The name Hotel Goodwin is a nod to Goodwin House, a luxury hotel that stood in downtown Beloit in the 19th century. The accompanying restaurant, Velvet Buffalo Cafe, will give attention local farmers and artisan vendors and will incorporate “the decor of a turn-of-the-century European cafe,” according to a news release from Hendricks Commercial Properties.

As business partners in 1982, Diane and Kenneth Hendricks established the major private roofing supply company ABC Supply, and the enterprise’s sales have neared $6 billion in recent years. Forbes magazine lists Diane Hendricks, now 70, as America’s second wealthiest self-made woman, following Little Caesars Pizza co-founder Marlene Ilitch. The magazine estimates Hendricks’s net worth at $4.9 billion.

The couple used their wealth to revitalize the city of Beloit’s economy, developing a conglomerate of civic and business developments known as the Ironworks campus at the site of the defunct Beloit Corporation, a manufacturing company that had been Beloit’s largest employer. Following Kenneth’s accidental death in December 2007, Diane has continued her efforts to revitalize the city’s economy.

Her strategy, according to a profile that ran in the New York Times this August: “When Diane Hendricks sees something she doesn’t like [in Beloit], she buys it… Ms. Hendricks thinks [Beloit] can be a place where start-ups create the next billion-dollar idea, and she is remaking the town to fit her vision.” Earlier purchases toward that vision, all in the downtown area next to campus, have included the current sites of Zen Sushi & Grill; Lucy’s #7 Burger Bar; Ironworks Hotel; and the Phoenix complex, an apartment building.

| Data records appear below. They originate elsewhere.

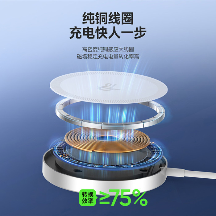 鋁合金強磁吸Qi2無線快充適用蘋果15W手機耳機無線充電器
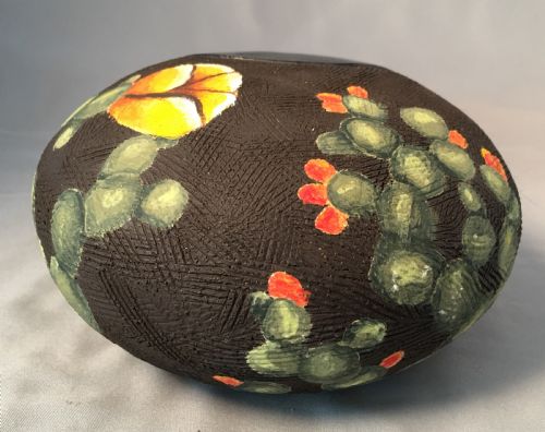 | Description: | Handbuild, underglaze painted, partially glazed |
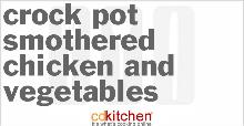 | Smothered Chicken and Vegetables (Crockpot) Recipe | CDKitchen.com chicken, celery soup, chicken stock, carrot, onion, celery A recipe for Smothered Chicken and Vegetables made in the crock pot made with carrots, celery, onion, cooked chicken, cream of celery soup, chicken Place the carrots, celery, and onion in the bottom o...
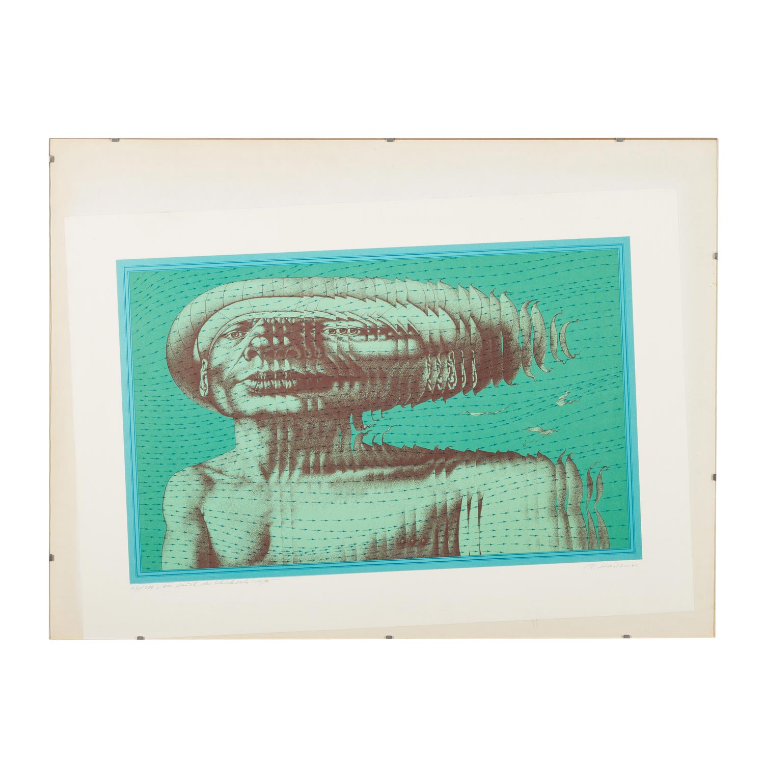Colour lithograph, ex. 37/200, signed by hand, HxW: 51/73 cm. Frame, HxW: 60/80 cm.

Hendricks has also lent that approach to the school as a trustee. In 2011, she renovated the historic downtown location of the city library into the Hendricks Center for the Arts for Beloit College students studying music and dance.

A number of students and alumni have voiced concerns about Hendricks’s ties to the college, however, in light of her history of support for GOP candidates and campaigns and her participation in President Trump’s presidential campaign last year. She has donated $1 million to the Freedom Partners Action Fund, supporting a nonprofit organization partially funded by the Koch Brothers that sponsors conservative groups and politicians, according to Politico. She also gave $5 million in 2015 to a super PAC supporting Wisconsin governor Scott Walker’s presidential campaign.

Hendricks was named vice chair of the Trump Victory Committee in May 2016 by RNC chairman Reince Priebus, and was appointed to the Trump campaign’s economic advisory board that August after its original lineup was criticized for including no women.

Last June, Jeff Simpson’88 wrote an open letter to Beloit College president Scott Bierman, saying that he was “deeply disturbed that Trustee Diane Hendricks, is also vice chair of the Donald Trump Victory Committee.” He wrote of his belief that Hendricks’s roles on both the Victory Committee and Beloit College’s Board of Trustees was “not only a conflict of interest, but also will do lasting damage to the excellent reputation Beloit College has earned and deserves.”

In his response, President Bierman wrote, “I think making decisions about what college relationships pass a principles test based on politically charged interpretations is dangerous… In the time that Diane Hendricks has served on Beloit’s Board of Trustees she has embraced and supported the college’s mission in every way.”

Last September, Tati Rodriguez’19 told the Round Table that she was “not a fan of the thought that someone on the board of trustees for the college is so closely affiliated with Trump,” but that “Beloit College can’t claim to be all-inclusive if we are going to ostracize someone because of their political beliefs.”

Andrew Kouré’19 also told the paper last year that he felt that “one can be in support of Trump…while still supporting an academic environment that allows students to critically evaluate politicians and decide for themselves.”

Nevertheless, Hotel Goodwin is slated to open in May 2018, and more projects under Hendricks’s enterprises aimed at revitalizing Beloit’s economy are most likely in the future.